▶ **ABOUT THIS EXERCISE**: Below are some entries. Transcribe the lines from the one holding "- Фамилия Кирпота: история, значения" to the one holding "Comprar MAIWO tarjeta", inclusive, but not the pictures among them.

Saved data entries:

# # # # #

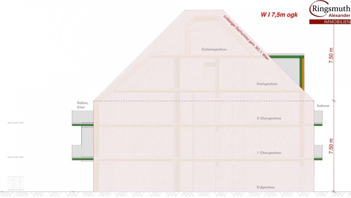 Sehr gut bebaubares Eck-Grundstück in grüner Lage in FloridsdorfWohnbauprojekt; Bauklasse W I 7,5m ogk, Grundstücksgröße 729m²Erzielbare Flächen in ca.-Angaben (Studie vorhanden) ca. 789m² WNFL + ca. 176m² Balkone und Terrassen + ca. 383m² Gartenflächen + 11 Stellplätze in TiefgarageAnfragen bitte nur schriftlich per Email! In der Nähe zweier klassischer Wiener Heurigen-Gegenden. Mehrere Heurigenbetriebe fußläufig erreichbar.Zahlreiche ausgebaute Fahrradwege (direkt an der Verbindung der Radwege Marchfeldkanal, Jedlersdorferstraße).VS, NMS bzw. AHS (GRG21) in einer Straße in der Nachbarschaft direkt fußläufig <5min erreichbar.Öffentliche Verkehrsmittel:B17, B3, A22OPV65m <1min SteinamangergasseBus Linie 30A Siemensstraße - Stammersdorf, FreiheitsplatzBus Linie 32A Strebersdorf – Leopoldau250m <3,5min Ödenburger str./SchulzentrumRBus 228 Floridsdorf - Hagenbrunn - WolkersdorfRBus 426 Floridsdorf Wolkersdorf - MistelbachRBus 7552 Wien - Mistelbach - Laa/Thya690m 10,5min Carabelligasse Linie 30 Floridsdorf - Stammersdorf (21min mit Linie 30 am Bhf Floridsdorf)Linie 31 Schottenring - StammersdorfBus 36A Carabelligasse - Jedlesee, BellgasseBus 36B Leopoldau - Jedlesee, BellgasseBus 420 Floridsdorf - Wolkersdorf - Bad Pirawarth - ZistersdorfBus 431 Floridsdorf – Poysdorf - Bernhardsthal oder Laa/Thayawww.ringsmuth.atWir weisen ausdrücklich auf unser wirtschaftliches Naheverhältnis mit dem Abgeber/der Abgeberin und auf unsere Vermittlungstätigkeit als Doppelmakler hin.Irrtum und Änderungen vorbehalten!Infrastruktur / EntfernungenGesundheit Arzt <1.000m Apotheke <1.000m Krankenhaus <2.000m Klinik <3.500m Kinder & Schulen Schule <500m Kindergarten <1.000m Universität <2.000m Höhere Schule <3.000m Nahversorgung Supermarkt <1.000m Bäckerei <1.000m Einkaufszentrum <1.500m Sonstige Bank <1.000m Geldautomat <1.000m Post <1.000m Polizei <1.500m Verkehr Bus <500m Straßenbahn <1.000m U-Bahn <3.000m Bahnhof <1.500m Autobahnanschluss <2.000m Angaben Entfernung Luftlinie / Quelle: OpenStreetMap
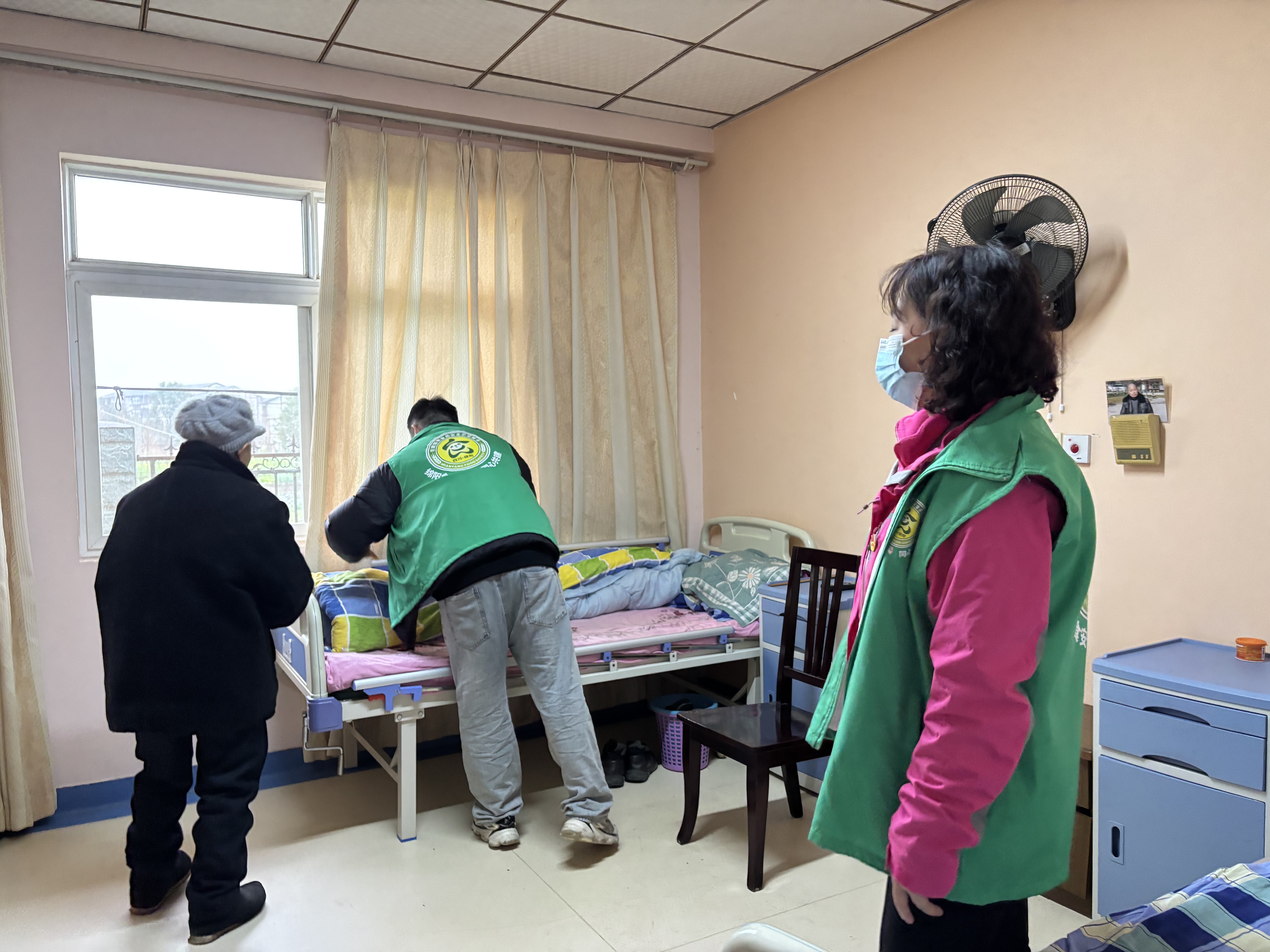 上午9時(shí),黨團(tuán)員教師分組走進(jìn)養(yǎng)老院活動(dòng)室和老人們的生活區(qū),傾聽他們的生活故事,志愿者們還為老人們整理房間,通風(fēng)擦拭,為老人們提供了一個(gè)干凈整潔的居住環(huán)境。
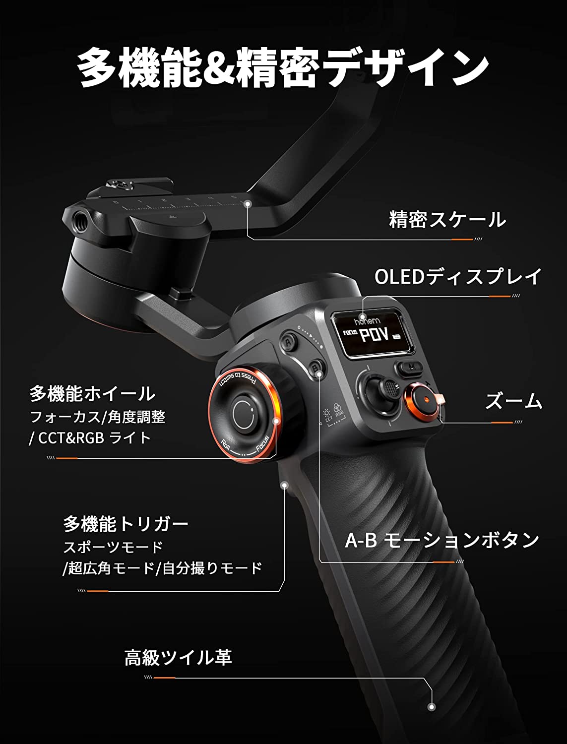 Hohem M6シリーズは、とても多機能。フォーカス、回転角度、マルチモードの切り替えができる物理リモコンをハンドルに集約して搭載。微調節が簡単で、スマホでプロ並みの撮影が可能です。
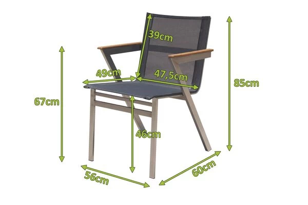 Setzen Sie einen Glanzpunkt auf Ihrer Terrasse: die designstarken Armlehnen sorgen nicht nur für Komfort, sondern sind wahre Hingucker. Der Sessel ist mit Maßen von ca. 60 x 56 x 85 cm mit bis zu ca. 150 kg belastbar und bietet Ihnen mit seiner Sitzbreite von ca. 47,5 cm und einer Sitztiefe von ca. 49 cm auch eine großzügige Sitzfläche, die jederzeit zum Verweilen einlädt. Das Gestell besteht aus gebürstetem Edelstahl der Güteklasse 304 im natürlichen Silberton, während die hautschmeichelnden Armlehnen – aus natürlichem Teakholz – dem Sessel sein außergewöhnliches Design verleihen. Im Zusammenspiel mit dem modern und puristisch gestalteten Gestell sorgt die Materialkombination für einen harmonischen Kontrast, der dem Stapelsessel Exklusivität und ein stilvolles Aussehen verleiht, das in jedem Gartendesign zum Highlight wird. Bespannt wird das solide Gestell mit Textilene (30% Polyester und 70% Vinyl) im passenden Schwarzton. Das Material ist unglaublich hautsympathisch und sorgt für ein herrlich luftiges Sitzgefühl, das Sie auch in der Sommerhitze nicht im Stich lässt. Dank des schlanken Designs und geringen Gewichtes von ca. 7,37 kg lässt sich der Sessel auch leicht transportieren, stapeln und platzsparend verstauen.
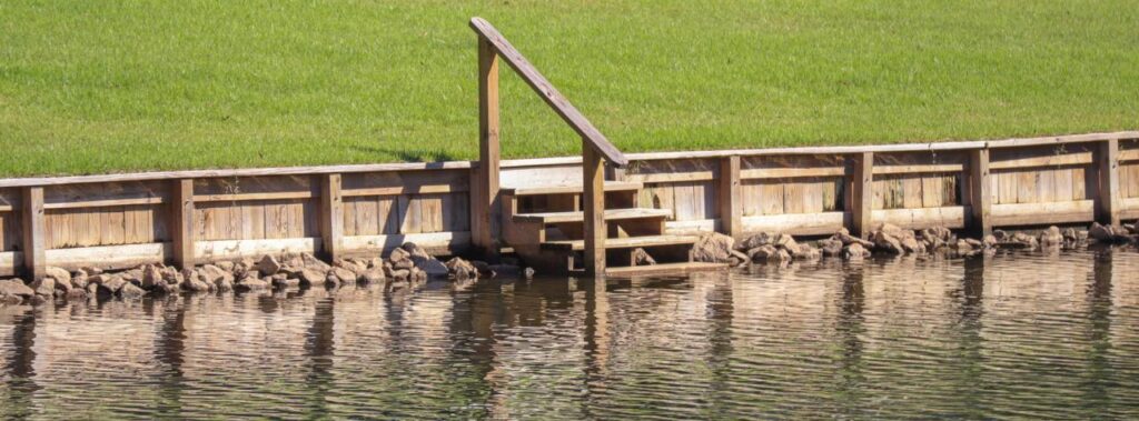 Solid vertical structures often used in waterbodies with heavy wave action or limited horizontal space.
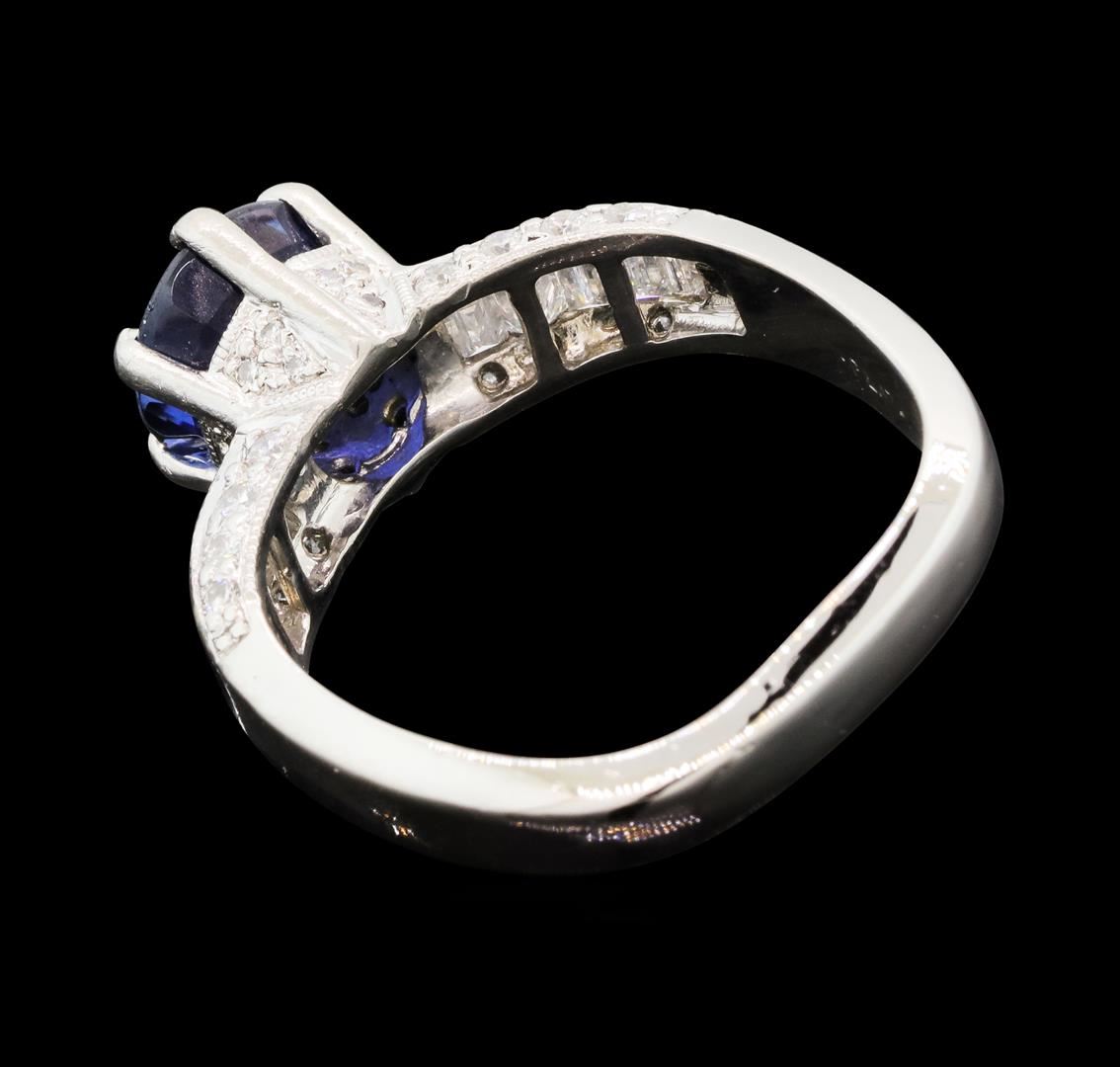 One electronically tested platinum lady's cast fashion ring with a European shank with a bright polish with milgrain detailing finish. The featured lady's ring has a shank measuring 3.43 millimeters wide. Identified with markings of 'PLAT'. Condition is new, good workmanship. Containing: One prong set round modified mixed cut natural blue sapphire, measuring 7.25 - 7.20 x 4.49 mm, (depth est.) 10%. bulge factor, approximate weight of 2.08ct., clarity is eye clean, medium dark, strong, blue color, (GIA B 6/5), cut is very good. Transmitting light with no distortion, transparent. Colored gemstones are presumed to have been subjected to commonly used enhancement processes. Graded in the setting. Ten channel set baguette cut diamonds, measuring from 2.35 x 1.25 x 1.07mm (depth est.) to 2.60 x 1.50 x 1.28mm (depth est.) approximate total weight of 10 Stones = 0.37ct. Graded in the setting. Color F - G Clarity VS-1 to VS-2 Cut Very Good Sixteen prong set round brilliant cut diamonds, measuring 1.30 - 1.20 x 0.78mm (depth est.) approximate total weight of 16 Stones = 0.12ct. Graded in the setting. Color G - H Clarity VS-2 to SI-1 Cut Good Sixteen prong set round brilliant cut diamonds, measuring 0.90 - 0.80 x 0.53mm (depth est.) approximate total weight of 16 Stones = 0.04ct. Graded in the setting. Color G - H Clarity VS-2 to SI-1 Cut Good. Total Weight of Colored Stones 2.08ct.. Total Weight of Diamonds 0.53ct.. Total Weight of Ring 7.20gm GAS Appraised at $9,080.00.
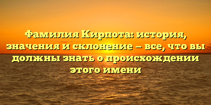 - Фамилия Кирпота: история, значения и склонение. Узнайте все о происхождении этого уникального имени.
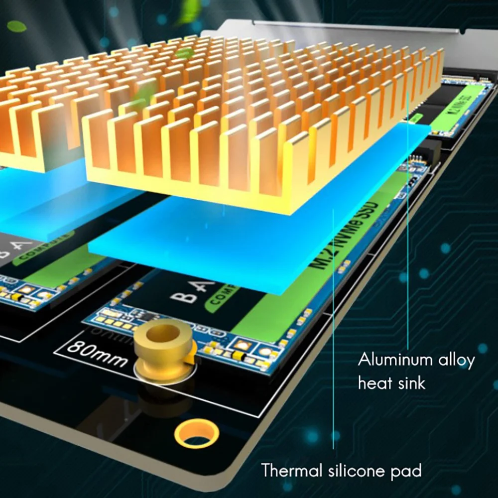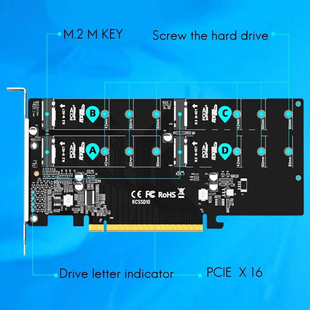 Comprar MAIWO tarjeta adaptadora KCSSD10 PCIE X16, Protocolo M.2 NVMe, unidad de estado sólido de cuatro bahías, tarjeta adaptadora de refrigeración
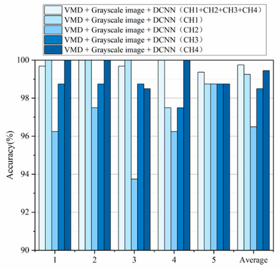 (1) The parameter-optimized VMD is used to decompose the original vibration acceleration data measured by the four-channel sensors of the axle box, and the IMF component with the largest correlation coefficient between the eigenmode components of each order and the original signal is screened and converted into a grayscale image as the input of DCNN; it avoids the selection of the optimal sensor layout position and reduces the demand for the tester’s actual test experience;
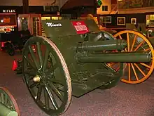 The US decided early in World War I to switch from 3-inch (76 mm) to 75 mm calibre for its field guns. Its preferred gun for re-equipment was the French 75 mm Model of 1897, but early attempts to produce it in the US using US commercial mass-production techniques failed, partly due to delays in obtaining necessary French plans, and then their being incomplete or inaccurate, and partly because US industry was not equipped to work to metric measurements.[2] By 1917 US firms had produced 851 QF 18-pounders for export to Britain. Hence production of a 75 mm version offered a simple interim solution, being basically a copy of the British QF 18-pounder rechambered for French 75 mm ammunition, utilizing existing production capacity.[3] It remains very similar to the 18-pounder, the main visible difference being a shorter barrel with straight muzzle.
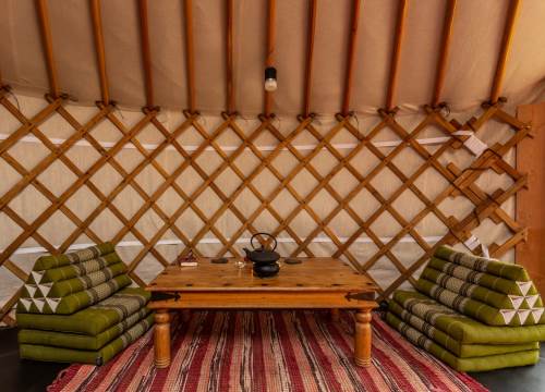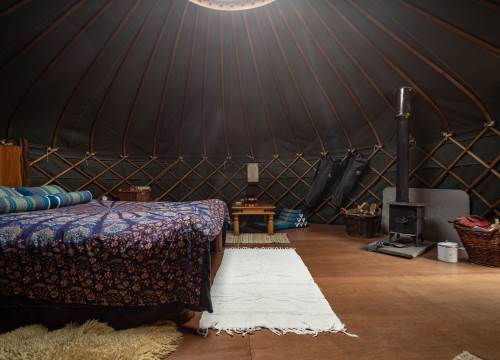 Spread across an expansive 1300-acre farm, just 3 yurts are dispersed over 50 acres to preserve guest’s privacy and the serene beauty of the environment. The yurts are well-appointed with wood-burning stoves and cooking facilities. Each unit is located in its secluded area, away from other guests, featuring a private eco-loo, shower block, and an outdoor wood-fired bath. Outside, discover seating areas and facilities for open fires. With no electricity, the tents are illuminated at night with candles and lanterns.
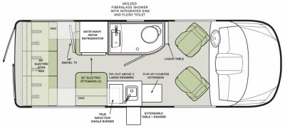 - 12V, 110V, and USB outlets in Living Area
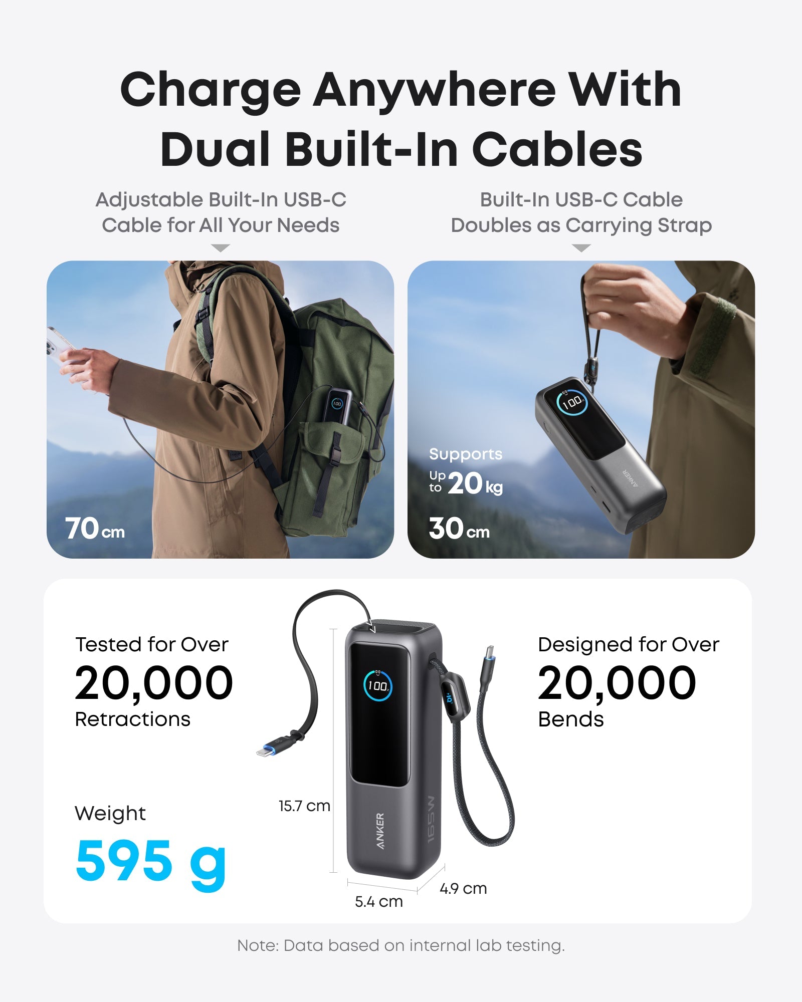 Featuring dual built-in USB-C cables (one retractable and one fixed) along with additional USB-C and USB-A ports, this power bank enables multi-device charging, letting you power up to four devices at once — perfect for travel, work, or everyday use.
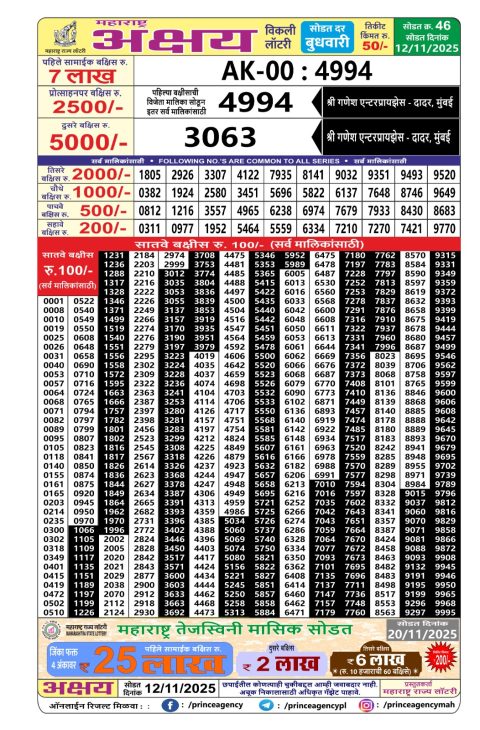 Maharashtra Akshay 4.15PM Weekly Lottery Result 12.11.2025
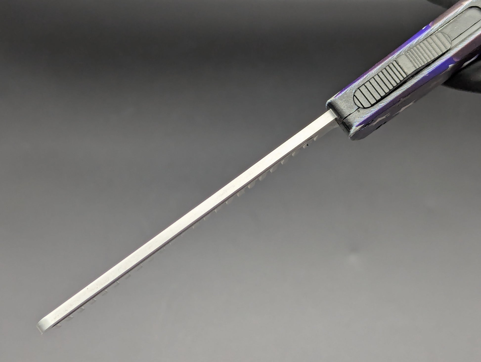 LOTS OF OLD SCHOOL FUN WITH A NEW SCHOOL TWIST! NICE HEAVYWEIGHT ALUMINUM ZINC BODY AND STAINLESS COMB "BLADE". DUAL ACTION AUTOMATIC OPENING AND CLOSING ACTION WITH THE PUSH OF THE BUTTON! EACH INCLUDES BLACK NYLON SNAP ENCLOSURE CASE. OVERALL LENGTH: 9.5" COMB LENGTH: 3.75"
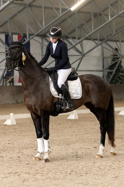 7-letnia klacz ujeżdżeniowa (Galaxie / Jazz x Gribaldi) Nikita to wyjątkowo obiecująca klacz ujeżdżeniowa, która idealnie sprawdzi się jako partnerka do podbijania czworoboków. Zajeżdżona w listopadzie 2025 roku — wcześniej była matką, dzięki czemu jest koniem dojrzałym, spokojnym psychicznie i bardzo zrównoważonym. Klacz dysponuje bardzo dobrymi trzema chodami, z wyraźnym ruchem „pod górkę”, dużą obszernością i naturalną elegancją. Jest po pierwszych zawodach, obecnie przygotowywana do klasy P. (Ustępowania, łopatki, zagalopowania ze stępa) Podczas startu otrzymała bardzo pozytywny komentarz od sędziny P. Pawłowskiej: „Piękny, utalentowany koń z dobrym ruchem i dużą obszernością." oraz ,,Elegancki koń z możliwościami do osiągania wysokich wyników.” Nikita jest koniem delikatnym i wrażliwym, potrzebującym spokojnego, konsekwentnego jeźdźca, ale bardzo ambitna i chętnie uczy się nowych rzeczy. Uwielbia pracę z człowiekiem. W pracy bardzo oddana, chętna do współpracy i grzeczna w codziennym użytkowaniu. ✔ chodzi na padok oraz do karuzeli ✔ regularnie werkowana i odrobaczana ✔ grzeczna przy goleniu i wszelkich zabiegach ✔ bardzo dobry TUV z listopada — do wglądu 📹 Filmy wysyłam zainteresowanym 📱 WhatsApp: 666 377 305 📍 Becker Sport, pod Warszawą 🐎 W ofercie również inne konie (głównie skokowe)

# # # # #

▶ **RESPONSE TO THE TASK**:
 - Фамилия Кирпота: история, значения и склонение. Узнайте все о происхождении этого уникального имени.
 Comprar MAIWO tarjeta adaptadora KCSSD10 PCIE X16, Protocolo M.2 NVMe, unidad de estado sólido de cuatro bahías, tarjeta adaptadora de refrigeración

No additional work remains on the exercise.